6. "No State Shall, during War, Permit Such Acts of Hostility
Which Would Make Mutual Confidence in the Subsequent Peace
Impossible: Such Are the Employment of Assassins (percussores),
Poisoners (venefici), Breach of Capitulation, and Incitement to
Treason (perduellio) in the Opposing State";
These are dishonorable stratagems. For some confidence in the
character of the enemy must remain even in the midst of war, as
otherwise no peace could be concluded and the hostilities would
degenerate into a war of extermination (bellum
internecinum). War, however, is only the sad recourse in the
state of nature (where there is no tribunal which could judge with
the force of law) by which each state asserts its right by violence
and in which neither party can be adjudged unjust (for that would
presuppose a juridical decision); in lieu of such a decision, the
issue of the conflict (as if given by a so-called "judgment of
God") decides on which side justice lies. But between states no
punitive war (bellum punitivum) is conceivable, because
there is no relation between them of master and servant.

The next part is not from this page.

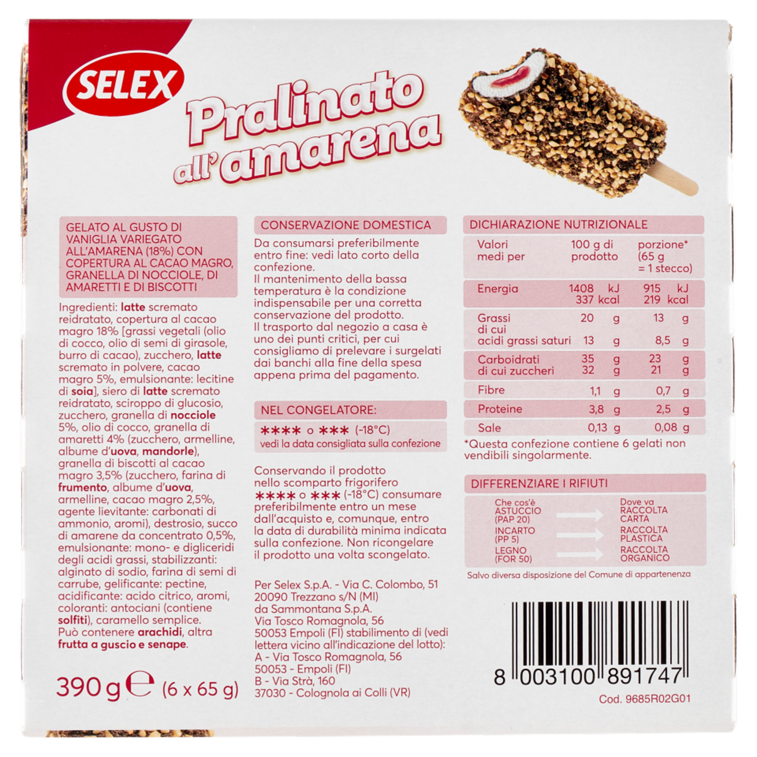 Selex 6 Gelati Pralinati all'Amarena 390 g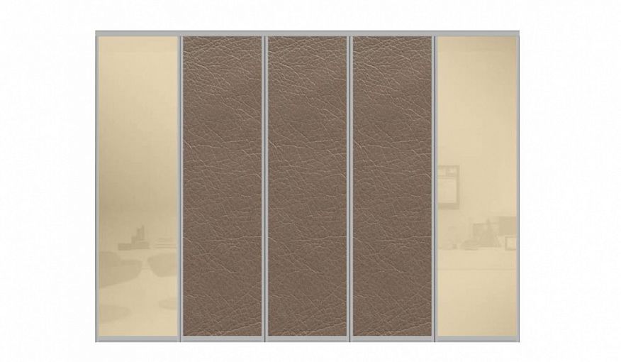 Двери-купе Лилит 15 BMS объединены в готовый фасад для гардеробной, выполненный в нейтральной бежевой гамме. Створки в пленке Оракал скомбинированы с глухими полотнами в текстурной экокоже и заключены в прочные рамы из алюминиевого профиля. Пятидверный раздвижной фасад станет отличным выбором для монтажа просторной гардеробной в любом из помещений дома, помогая сохранить полезную площадь. Купить двери-купе Лилит 15 BMS приглашаем к нам в интернет-магазин.

It follows that a war of extermination, in which the destruction
of both parties and of all justice can result, would permit
perpetual peace only in the vast burial ground of the human race.

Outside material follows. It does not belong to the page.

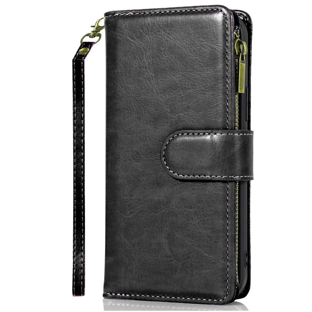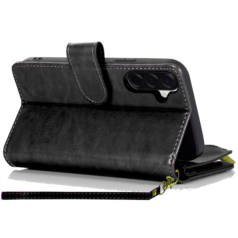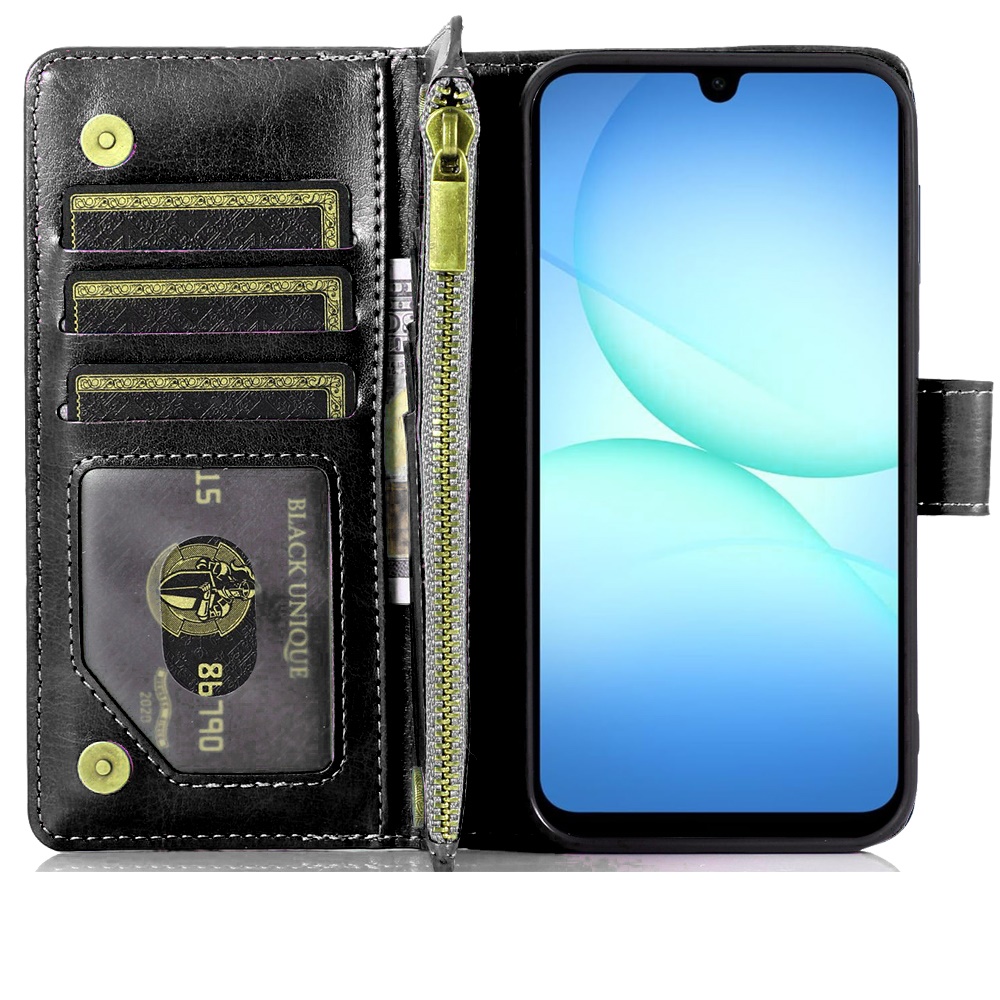 For Samsung A17 5G Luxury Wallet Card ID Zipper Money Holder Case Cover - Black

Therefore, such a war and the use of all means leading to it must
be absolutely forbidden. But that the means cited do inevitably
lead to it is clear from the fact that these infernal arts, vile in
themselves, when once used would not long be confined to the sphere
of war. Take, for instance, the use of spies (uti
exploratoribus). In this, one employs the infamy of others
(which can never be entirely eradicated) only to encourage its
persistence even into the state of peace, to the undoing of the
very spirit of peace.
Although the laws stated are objectively, i.e., in so far as
they express the intention of rulers, mere prohibitions (leges
prohibitivae), some of them are of that strict kind which hold
regardless of circumstances (leges strictae) and which
demand prompt execution. Such are Nos. 1, 5, and 6. Others, like
Nos. 2, 3, and 4, while not exceptions from the rule of law,
nevertheless are subjectively broader (leges latae) in
respect to their observation, containing permission to delay their
execution without, however, losing sight of the end. This
permission does not authorize, under No. 2, for example, delaying
until doomsday (or, as Augustus used to say, ad calendas
Graecas) the re-establishment of the freedom of states which
have been deprived of it i.e., it does not permit us to fail
to do it, but it allows a delay to prevent precipitation which
might injure the goal striven for. For the prohibition concerns
only the manner of acquisition which is no longer permitted, but
not the possession, which, though not bearing a requisite title of
right, has nevertheless been held lawful in all states by the
public opinion of the time (the time of the putative
acquisition).2.
SECTION II
CONTAINING THE DEFINITIVE ARTICLES
FOR PERPETUAL PEACE AMONG STATES
The state of peace among men living side by side is not the
natural state (status naturalis); the natural state is one
of war. This does not always mean open hostilities, but at least an
unceasing threat of war. A state of peace, therefore, must be
established, for in order to be secured against hostility it is
not sufficient that hostilities simply be not committed; and,
unless this security is pledged to each by his neighbor (a thing
that can occur only in a civil state), each may treat his neighbor,
from whom he demands this security, as an enemy.3
FIRST DEFINITIVE ARTICLE FOR PERPETUAL
PEACE
"The Civil Constitution of Every State Should
Be Republican";
The only constitution which derives from the idea of the
original compact, and on which all juridical legislation of a
people must be based, is the republican.4 This constitution is established, firstly, by
principles of the freedom of the members of a society (as men);
secondly, by principles of dependence of all upon a single common
legislation (as subjects); and, thirdly, by the law of their
equality (as citizens). The republican constitution, therefore, is,
with respect to law, the one which is the original basis of every
form of civil constitution. The only question now is: Is it also
the one which can lead to perpetual peace?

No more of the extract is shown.